CGM technology refinements have increased accuracy, reliability and ease of use.10,11 However, configurations involving a single electrochemical sensor linked to a processing algorithm remain the basis of current commercially available CGM.9,12 Performance limitations of current sensors include sensor delay and drift, biofouling, tissue hypoxia, and mechanical factors affecting the sensor-tissue interface.10,11,13 Nonelectrochemical CGM modalities including optical technologies have been explored,10,11 though none are currently commercially available. One promising optical methodology is fluorescence-based sensing involving reversible competitive binding between a fluorophore-labeled glucose receptor and a glucose analog. 14 Relative to electrochemical sensing, optical fluorescence sensing has potential advantages including greater sensitivity to low glucose levels, less requirement to recalibrate in response to peri-sensor tissue reactions, and the option of noninvasive sensing.15,16 Potential disadvantages of fluorescence methodology are sensor damage due to foreign body responses and sensitivity to local pH affecting dye response.15,16
Sensor redundancy refers to multiple sensing elements measuring the same glucose output. This can involve separate sensors worn concurrently, 17 or multiple sensing elements on a single platform. 18 Simple redundancy refers to multiple sensors utilizing the same methodology, which to date has been via a glucose oxidase-based electrochemical approach.17,18 In contrast, orthogonal redundancy combines multiple glucose sensors utilizing different methods to quantify glucose. These different methods have independent failure modes, and local physiological conditions impact sensor performance differently.10,11,13 For example, electrochemical sensor accuracy is affected by differences between ISF and the peri-sensor wound fluid created by sensor insertion. Wound fluid produces a large amount of peroxide, which could potentially affect the reaction kinetics of the glucose oxidase-based chemistry. In contrast, in vitro studies have shown that peroxide formation has little effect on the optical sensing mechanism. Combining separate sensing elements utilizing glucose oxidase and optical fluorescence into a single platform fulfils orthogonal redundancy criteria. While studies evaluating simple or orthogonal redundancy are promising,18,19 a more robust solution may be a sensor incorporating both simple and orthogonal redundancy.
With redundancy, the information from multiple sensor inputs needs to be combined into a unified output. Using an intelligent algorithm to combine sensor data into a single fused glucose output may enhance sensor performance over simple signal averaging.
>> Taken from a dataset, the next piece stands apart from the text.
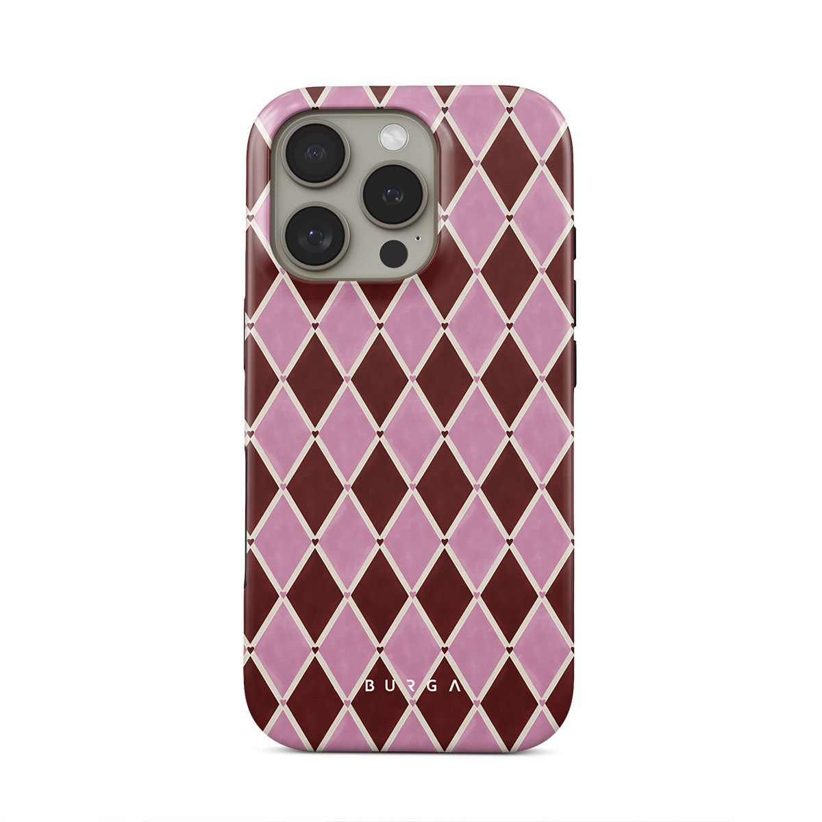 このデザインの特徴ハーレクイン柄、ピンクのダイヤ、深紅の背景
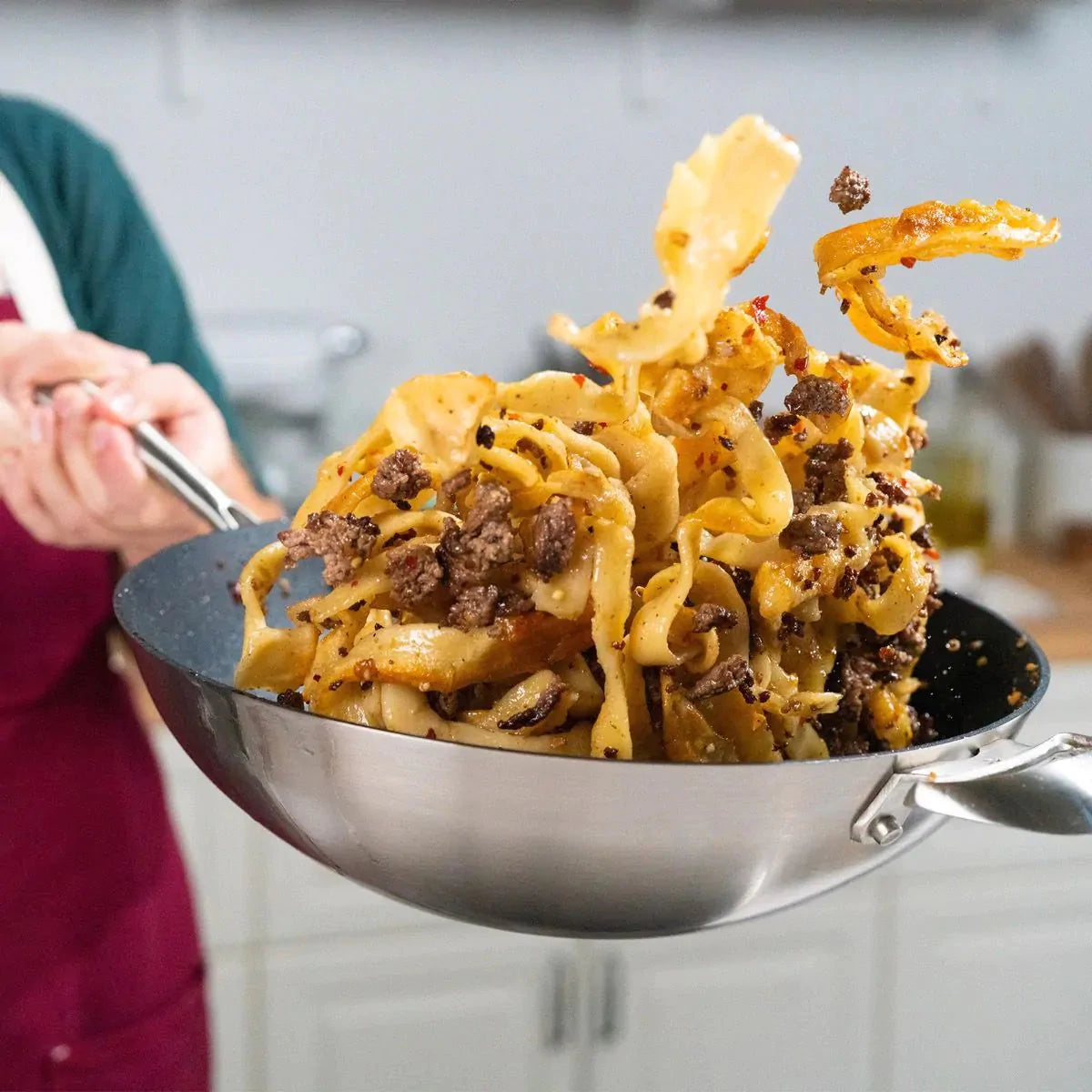 Stir fry and sauté with or without oil in this durable 12.5” Wok, compatible with all stove tops.

The reliability of each sensor element can be calculated and weighted by the algorithm providing a robust and accurate glucose measurement. Therefore both the sensor properties and the data processing algorithm impact sensor performance.
We hypothesize that addition of a redundant orthogonal sensing component to simple electrochemical redundancy combined with an intelligent processing algorithm is feasible and may enhance glucose sensor reliability performance relative to simple redundancy alone. We compared the glucose sensing performance of a prototype orthogonal redundant sensor (ORS) integrating simple plus orthogonal redundancy via a single insertion to a prototype electrochemical simple redundant sensor (SRS) in adults with T1D.
Methods
This study, conducted from November 2014 to March 2015 at St Vincent’s Hospital Melbourne, Australia, was approved by the hospital ethics committee. Each participant provided written informed consent.
Investigational Sensor Design
The prototype ORS (Medtronic, Northridge, CA) integrates two distinct glucose sensing technologies, electrochemical and optical, onto a single sensing platform (Figure 1). Sensing elements are colocated within a single 21 gauge needle for insertion at 45° using a dedicated insertion device. The electrochemical sensing element (length 10 mm, width 0.5 mm) utilizes glucose oxidase methodology and comprises two independent working electrodes (WE1 and WE2) which estimate glucose levels independently, thereby providing simple redundancy. These two WEs are in a fold-over design, with sensing electrodes on both planar surfaces. The optical fluorescence sensing element (length 11 mm, width 0.25 mm) incorporates an assay surrounded by a glucose permeable membrane, allowing within-assay glucose to equilibrate with glucose in surrounding tissue (Figure 2). The assay incorporates a glucose analogue (dextran), and a glucose receptor (mannose binding lectin [MBL]) which is fluorophore-labeled to impart fluorescence. Equilibrium between MBL bound to glucose and dextran, respectively, determines fluorescence intensity. A nonglucose sensing macromolecule labeled with another fluorophore serves as an internal reference. The ratio of the assay and reference intensities is converted into a glucose concentration.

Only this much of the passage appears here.